*** Opening Provided data ***

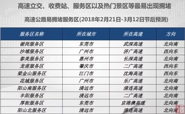 佛山罗格收费站、勒流收费站,广州三元里收费站、广园收费站,清远西收费站。高速公路易堵服务区中,高峰期拥堵严重的是惠州长深高速泰美服务区、广州济广高速沙埔服务区、肇庆二广高速龙甫服务区、江门沈海高速梁金山服务区、河源长深高速热水服务区、茂名沈海高速电白服务区。
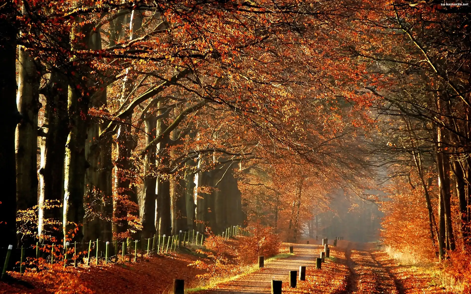 Jesień, Park, Droga, Drzewa, Mgła na Komórkę
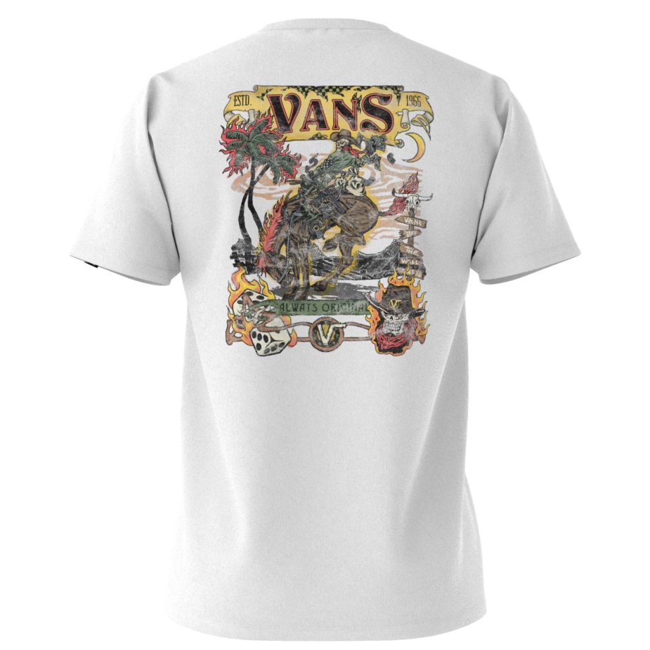 φτιαγμένο με άνετο βαμβάκι, το στραβά μπλουζάκι έχει κοντά μανίκια και σκελετό γραφικά. Το μοντέλο έχει ύψος 6 πόδια και φοράει μεσαίο νούμερο.
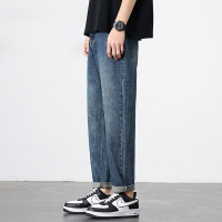 通勤风学生锥形牛仔裤男士复古蓝长裤男宽松水洗卷边基础款
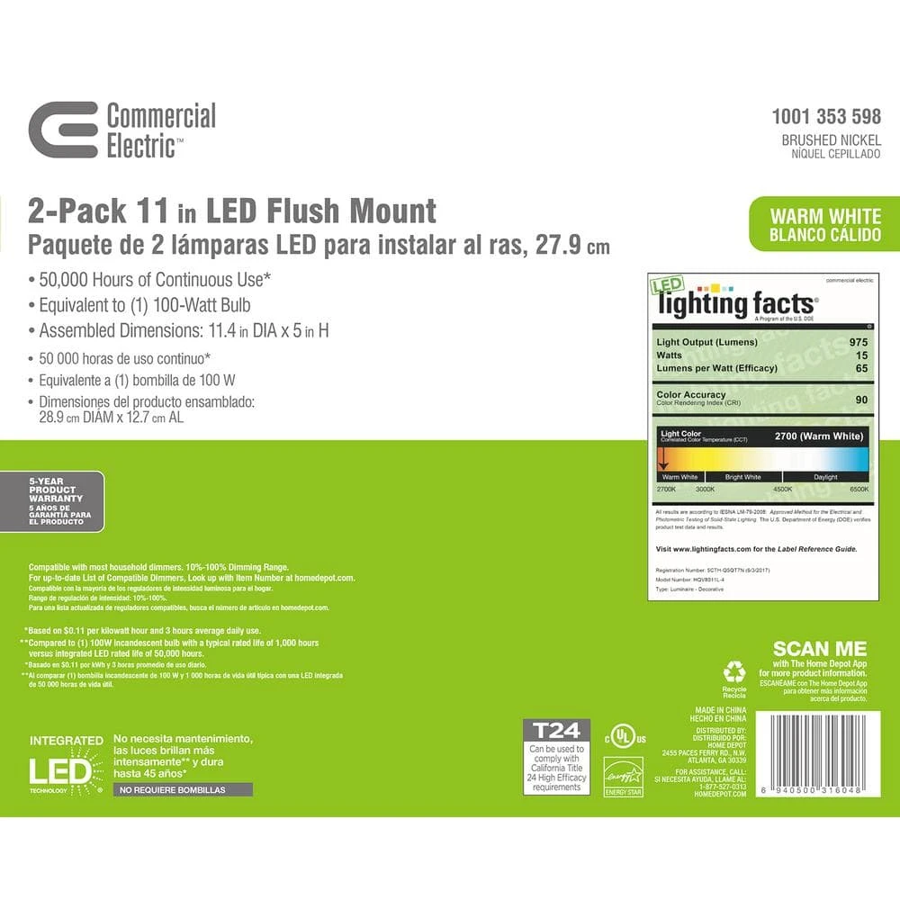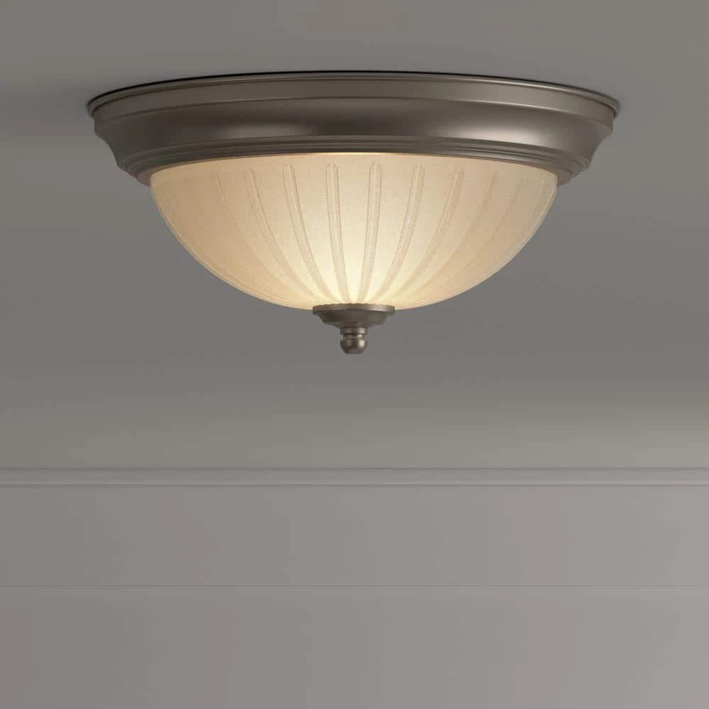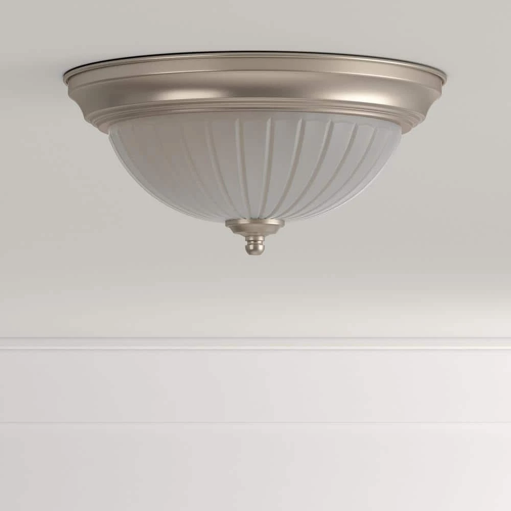 Bring a stylish, bright glow anywhere you need additional lighting with this pair of 11 in. LED flushmount with a brushed nickel finish. The finish contrasts beautifully with a frosted melon glass shade, adding eye-catching beauty to your dining room, bedroom or kitchen. Long-lasting LED technology makes the lights hassle-free, with a traditional look that complements any design scheme.
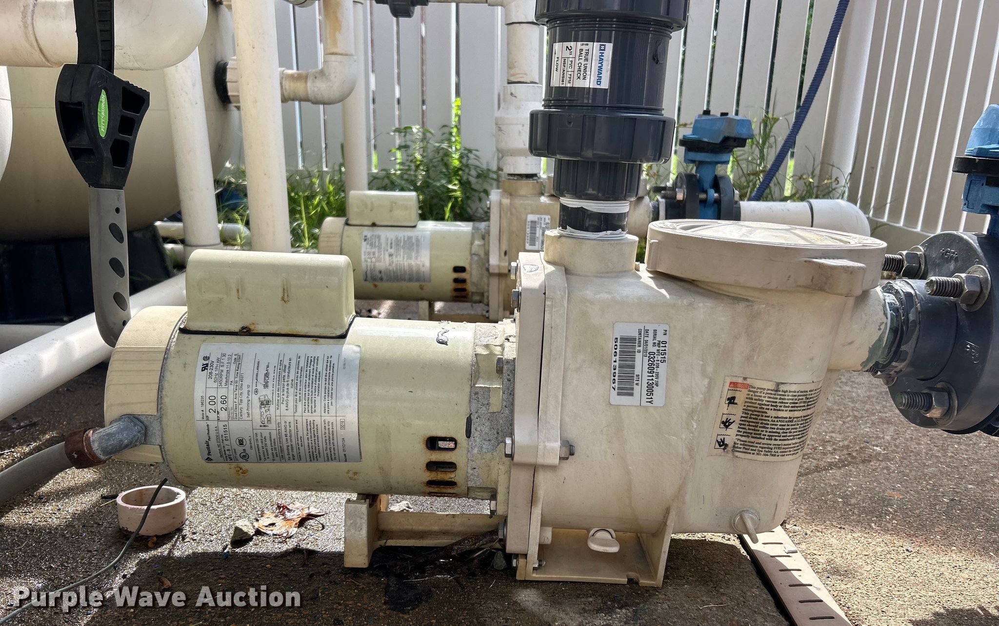 (3) pool filter systems. Pentair pumps HP: 2, Volts: 208/230, Phase: Single, (3) Pentair TR140 sand filters, BEC Sys pool chlorinator system, Valving and piping. Notes One non-operational pump. City of Webster Groves, MO. Webster Groves, MO 63119
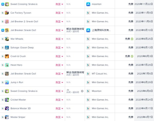 沐瞳科技成立以来,推出游戏的频率并不高,但是在2020年却疯狂地发布了57款游戏。这些产品多为休闲游戏,并且绝大部分都只登陆了 Android 平台。现今这些游戏大多数已经下架,只留下了12款。这些游戏多表现平平,贪吃蛇玩法的《Sweet Crossing: Snake.io》还算不错,在东南亚市场主要国家曾进入 Google Play 游戏下载榜 Top10。
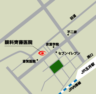 JR内房線五井駅西口下車、駅前大通り2つ目の信号を左折し(不二家の交差点)、約200メートル先右側。
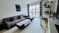 Situé au 1er étage, l'appartement se compose d'une entrée, d'un séjour lumineux, d'une cuisine aménagée et entièrement équipée, de deux chambres, d'une salle de bains, d'un cellier, d'un WC séparé et d'un agréable balcon.
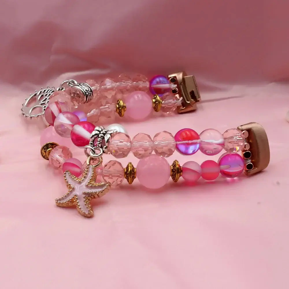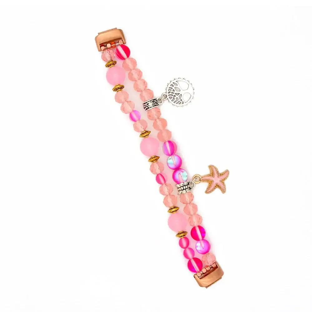 Fitbit Inspire 3 Beaded Elastic Band – Stylish Stretch Bracelet Strap - pink
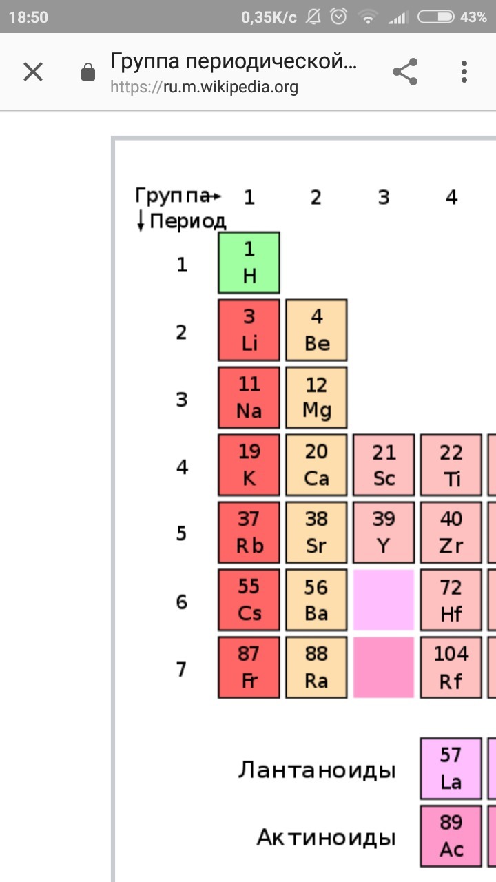 Водород, Литий, Натрий Калий, Рубидий и так. далее
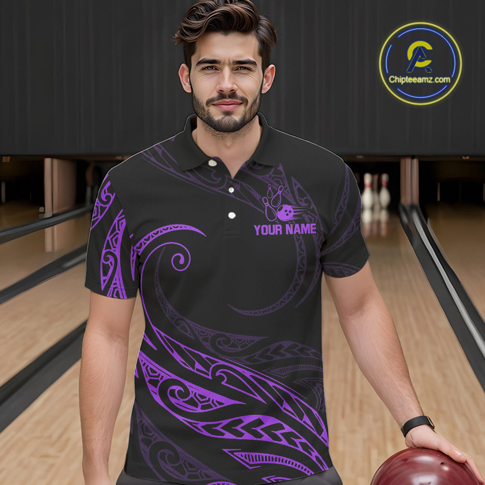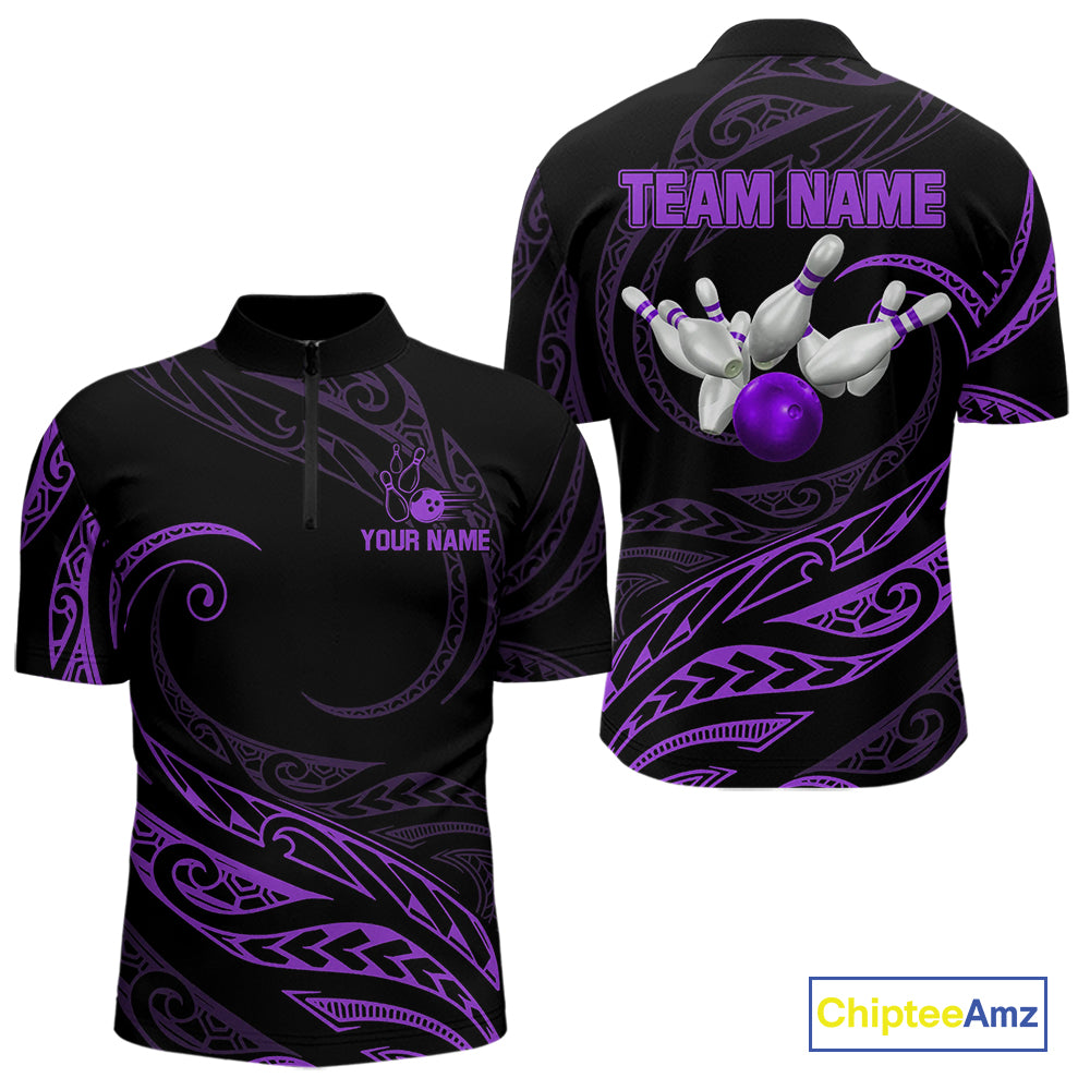 Black and Purple Tribal Pattern Bowling Polo, Quarter Zip shirts For Men Custom Team Bowling Jerseys NQS10486
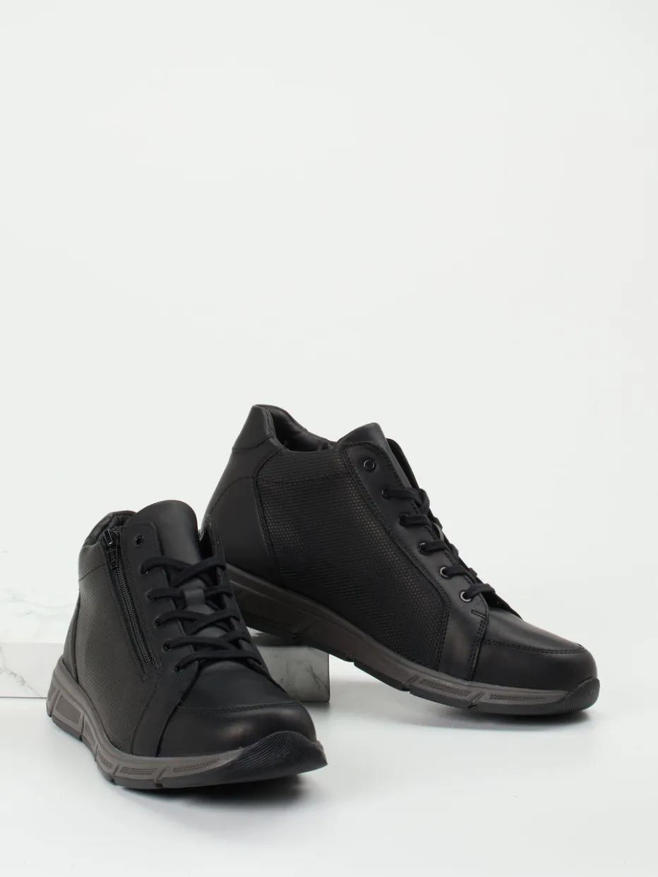 Für komfortorientierte Streetwear-Momente.Solidus präsentiert mit diesem schwarzen Mid-Top Sneaker ein Modell für komfortbewusste Herren. Ob für den Alltag in der Stadt oder entspannte Stunden zu Hause: Das atmungsaktive Kalbleder mit samtiger, matter Oberfläche und sanft strukturierter Mesh-Anmutung sorgt für angenehmes Fußklima. Mit knöchelhoher Silhouette, Ton-in-Ton Reißverschluss seitlich und klassischer Schnürung ist der Sneaker modern-minimalistisch gestaltet. Die rutschhemmende Gummisohle bietet Sicherheit, das gepolsterte Innenfutter wärmt – selbst an kühleren Tagen. Dank Weite K und herausnehmbarem Fußbett ideal für sensible Füße oder orthopädische Einlagen. Urban Utility trifft Komfort. Komfortkompetenz von Solidus – intelligent designt für Alltag und Anspruch.
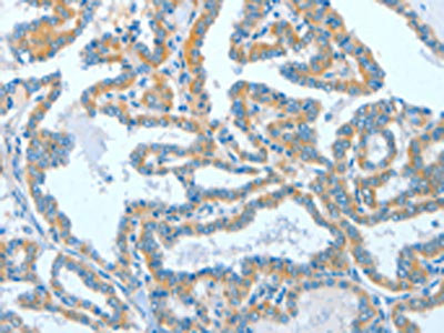 The image on the left is immunohistochemistry of paraffin-embedded Human thyroid cancer tissue using CSB-PA270829(ASCC1 Antibody) at dilution 1/50, on the right is treated with fusion protein. (Original magnification: ×200)
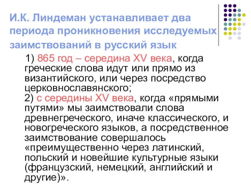 1) 865 год – середина ХV века, когда греческие слова идут или прямо из византийского, или через посредство церковнославянского;
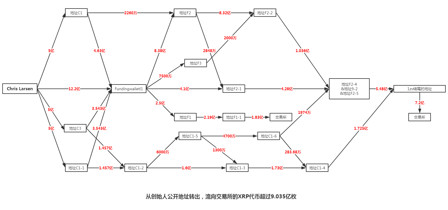 一年时间内,从Chris Larsen个人地址转出,流向交易所的XRP超过了9亿枚。
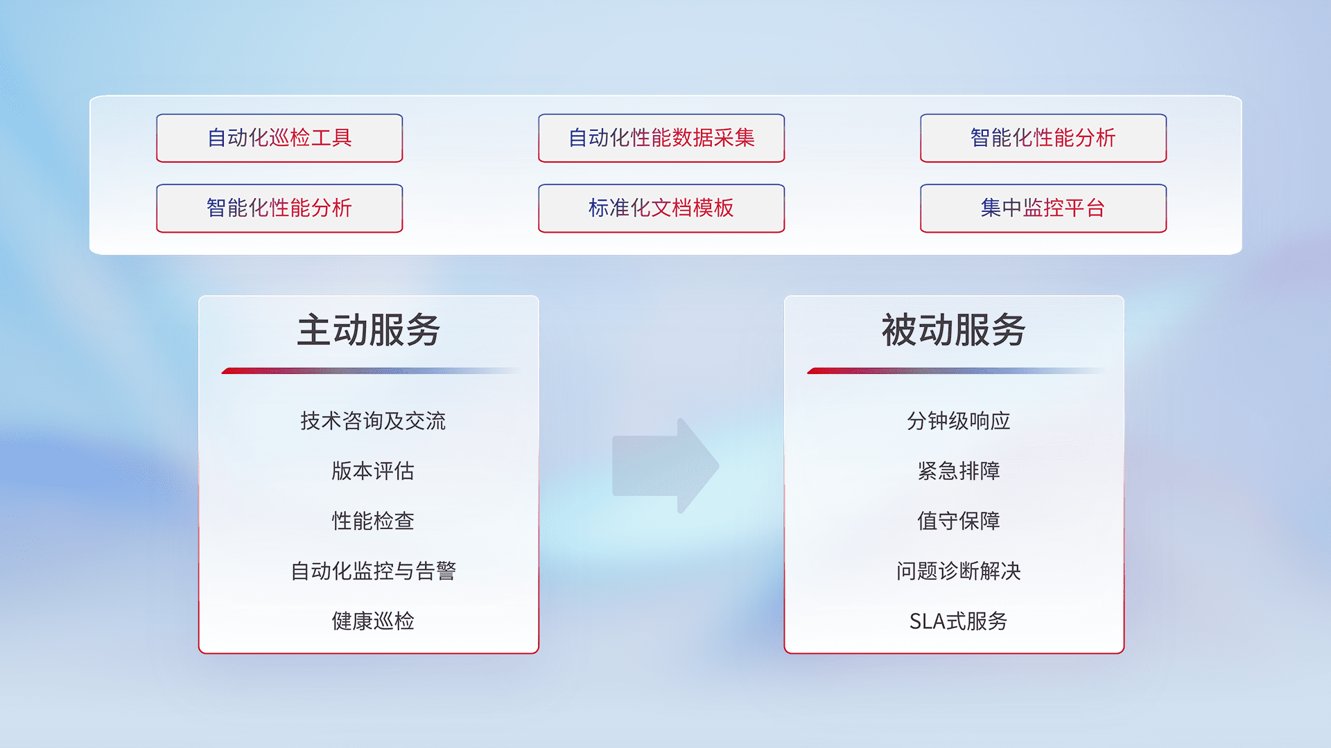 智能化工具和标准化文档,,保障服务质量,,,提供主动服务(包含技术咨询、、、、版本评估、、性能检查、、自动化监控与告警、、、健康巡检)和被动服务包含(分钟级响应、、、、紧急排障、、、值守保障、、问题诊断解决、、SLA服务)。。
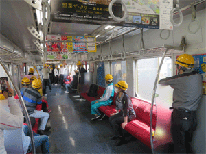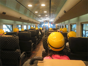 | 885系特急電車の振り子の振り子の様子を 車内で体感する団員達 |
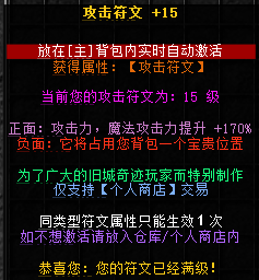 - 合成完成后,符文还可以进阶,共分为15个阶段,属性递增!

*** Closing Provided data ***

*Exercise details:* The stretch above running from the line with "Play 游戏下载榜 Top10。" through the line with "JR内房線五井駅西口下車、駅" is all you should copy, exactly, leaving out the pictures.

*Solved exercise:*
 沐瞳科技成立以来,推出游戏的频率并不高,但是在2020年却疯狂地发布了57款游戏。这些产品多为休闲游戏,并且绝大部分都只登陆了 Android 平台。现今这些游戏大多数已经下架,只留下了12款。这些游戏多表现平平,贪吃蛇玩法的《Sweet Crossing: Snake.io》还算不错,在东南亚市场主要国家曾进入 Google Play 游戏下载榜 Top10。
 JR内房線五井駅西口下車、駅前大通り2つ目の信号を左折し(不二家の交差点)、約200メートル先右側。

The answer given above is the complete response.